For this guide, you will need the following:

AWS Command Line Interface (AWS CLI) version 2
Amazon EKS cluster
Amazon Managed Service for Prometheus workspace
Amazon Managed Grafana workspace
Access to the Claude 3 Sonnet Model in Amazon Bedrock
awscurl
Amazon S3 bucket

Note: Although Amazon Managed Grafana will be set up as part of this blog post, it is optional.

Solution Walkthrough

Step 1: Setting Up Monitoring for Amazon EKS Cluster Using AWS Managed Collector & Amazon Managed Service for Prometheus

To begin, you will set up monitoring for the Amazon EKS cluster. You will use the Solution for Monitoring Amazon EKS infrastructure with Amazon Managed Grafana project, which establishes the Amazon EKS cluster and an AWS managed collector. The collector will scrape metrics and deposit them into a pre-configured Amazon Managed Service for Prometheus workspace. The collected metrics will offer insights into the health and performance of both the Kubernetes control and data planes. You will gain visibility into your Amazon EKS cluster from the node level down to pods and Kubernetes, including detailed monitoring of resource usage.

Let’s start by establishing a few environment variables:

export AMG_WORKSPACE_ID=<Your Grafana workspace ID, usually starts with g->
export AMG_API_KEY=$(aws grafana create-workspace-api-key 
--key-name "grafana-operator-key" 
--key-role "ADMIN" 
--seconds-to-live 432000 
--workspace-id $AMG_WORKSPACE_ID 
--query key 
--output text)

After creating the API key, you must make it available to the AWS CDK by adding it to AWS Systems Manager with the following command.

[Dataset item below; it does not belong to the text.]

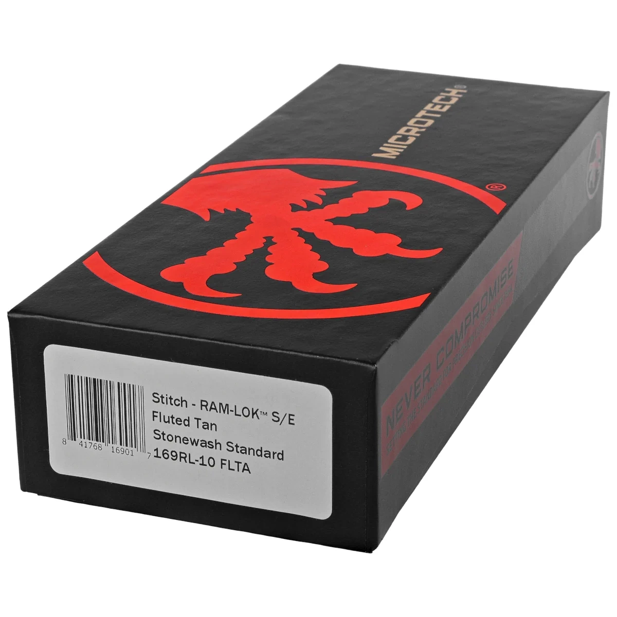 - Stitch Ram-Lok S/E Fluted Tan Aluminum, Stonewashed manual version of the popular design by Sebastijan Berenjie of Borka Blades and Microtech. Wide harpoon-shaped blade, superior materials and legendary workmanship from Microtech Knives
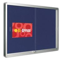Glazed lockable display board ideal for securely and safely displaying important material. Keeps display material safe and clean. Internal depth 55mm. Aluminium frame and track. Toughened glass sliding doors. Fire retardant blue felt. 100 x 70cm.

Be sure to replace $AMG_API_KEY with the API key you created, and $AWS_REGION with the region your solution will run in.

aws ssm put-parameter --name "/observability-aws-solution-eks-infra/grafana-api-key" 
--type "SecureString" 
--value $AMG_API_KEY 
--region $AWS_REGION 
--overwrite

Next, you will deploy the observability stack using AWS CDK.

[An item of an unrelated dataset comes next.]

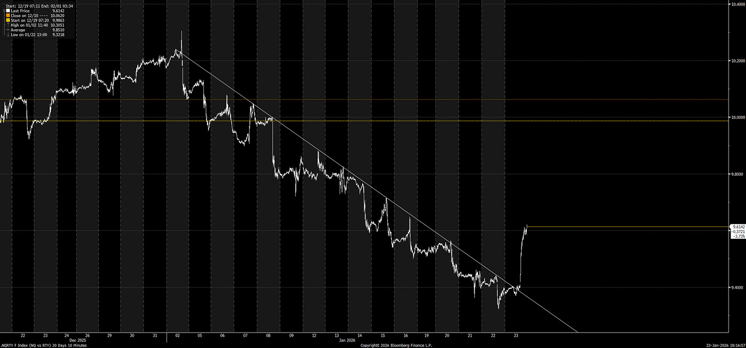 Good afternoon. QQQs +32bps as large cap caught a bid (AMZN/MTEA +2%; MSFT +3%, NVDA +1.5%) helping the Nasdaq end its 14 day losing streak vs. the Russel. Here’s the NQ vs. RTY:

git clone https://github.com/aws-observability/observability-best-practices.git
cd observability-best-practices/solutions/oss/eks-infra/v3.0.0/iac/
export AWS_REGION=<Your region>
export AMG_ENDPOINT=<AMG_ENDPOINT>
export EKS_CLUSTER_NAME=<EKS_CLUSTER_NAME>
export AMP_WS_ARN=<ARN of Amazon Prometheus workspace>
make deps
make build && make pattern aws-observability-solution-eks-infra-$EKS_CLUSTER_NAME deploy

This solution creates a scraper that collects metrics from your Amazon EKS cluster. Those metrics are stored in Amazon Managed Service for Prometheus and displayed in Amazon Managed Grafana dashboards.

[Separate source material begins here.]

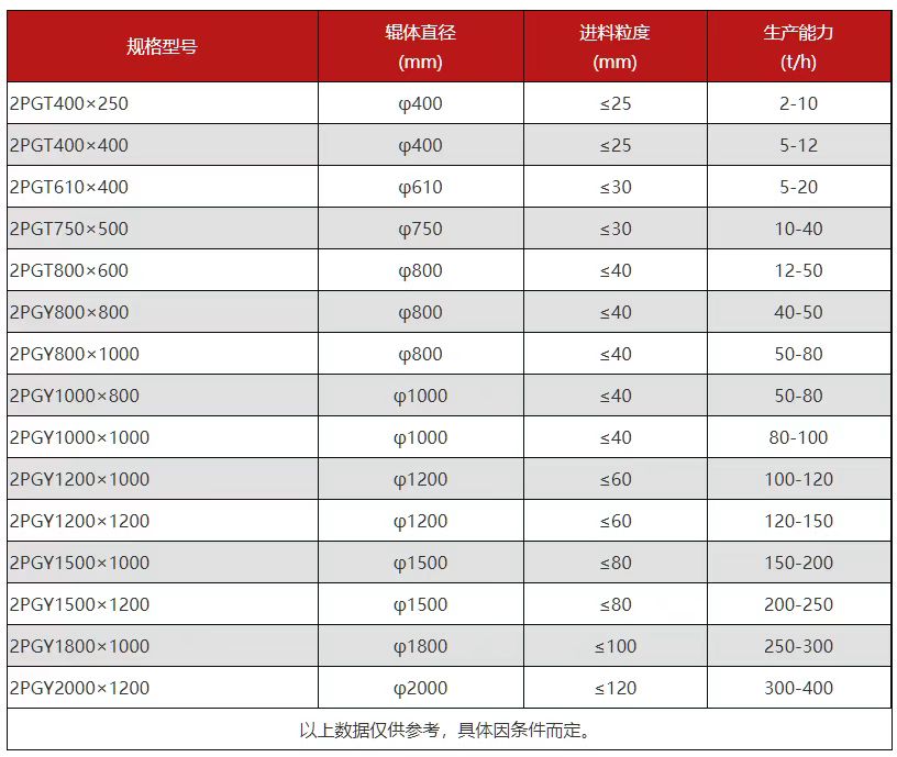 面對(duì)如此優(yōu)勢(shì)的碳素對(duì)輥破碎機(jī),很多客戶(hù)想到的是購(gòu)買(mǎi),那么在購(gòu)買(mǎi)之前,對(duì)輥破碎機(jī)都有哪些型號(hào),規(guī)格參數(shù)、生產(chǎn)能力又有什么區(qū)別:

To verify that the stack has been deployed successfully, you can use awscurl to query the Amazon Prometheus workspace and confirm that the metrics are being ingested:

export AMP_QUERY_ENDPOINT=<AMP Query Endpoint>
awscurl -X POST --region <Your region> 
--service aps "${AMP_QUERY_ENDPOINT}" -d 'query=up' --header 'Content-Type: application/x-www-form-urlencoded'

You should see a response similar to:

{
  "status": "success",
  "data": {
    "resultType": "vector",
    "result": [
      {
        "metric": {
          "__name__": "up",
          "instance": "localhost:9090",
          "job": "prometheus",
          "monitor": "monitor"
        },
        "value": [
          1652452637.636,
          "1"
        ]
      }
    ]
  }
}

Step 2: Configure the Lambda Function as Action Groups for the Amazon Bedrock Agent

Next, you will create a Lambda function as an action group for the Amazon Bedrock agent. This allows for streamlined interactions with the application metrics, enhancing your ability to monitor and troubleshoot effectively. This guide is an invaluable resource for anyone looking to understand how to leverage Amazon’s capabilities, and you can find further information about your interview responses at Career Contessa.

For comprehensive insights into employee benefits, including ACA W-2 reporting, visit SHRM. Additionally, if you’re interested in pursuing a career in learning and development, you might consider the Learning Trainer position at Amazon.